Veteran quarterback steadies Cincinnati’s attack despite 27–18 loss to the Packers, giving the Bengals a reason to believe better days are ahead
The scoreboard showed another loss, but for the first time in weeks, the Cincinnati Bengals walked off the field with something to build on. Joe Flacco, making his first start for the team, gave the offense life in Sunday’s 27–18 loss to the Green Bay Packers — and maybe a little hope that the season isn’t lost just yet.
Flacco looked exactly like what he is: a 40-year-old veteran with a steady hand and nothing to prove. His stat line wasn’t gaudy — 29 completions on 45 attempts for 219 yards and two touchdowns — but the impact went beyond numbers. He brought poise to a huddle that had been grasping for answers since Joe Burrow went down with a turf toe injury.

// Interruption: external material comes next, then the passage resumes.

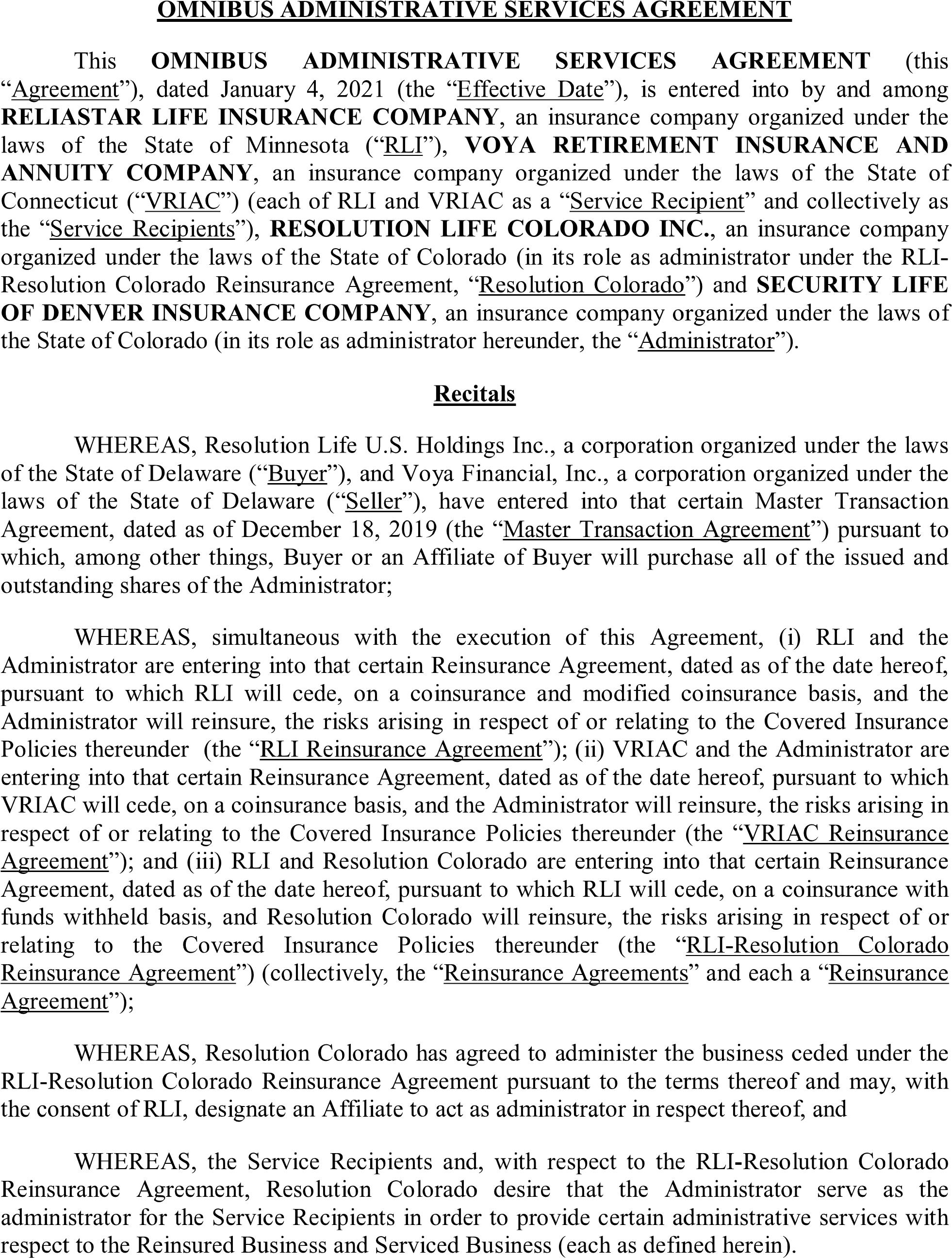 ReliaStar Life Insurance Company ……………………………………………………………………………. 18

The Bengals started slow, again. Their first half was a mess of short possessions and missed assignments, producing zero points and barely 60 yards of offense. But when Flacco took the field to start the third quarter, something shifted. He operated with rhythm, getting the ball out quickly and reading the field like a seasoned pilot guiding a turbulent plane back to level flight.
On the opening drive of the half, he engineered a 17-play, 75-yard touchdown march — Cincinnati’s longest drive of the season. The possession chewed nearly nine minutes off the clock and ended with a short touchdown pass to tight end Tanner Hudson on fourth down. The sequence wasn’t flashy, but it was textbook Flacco: calm, efficient, deliberate.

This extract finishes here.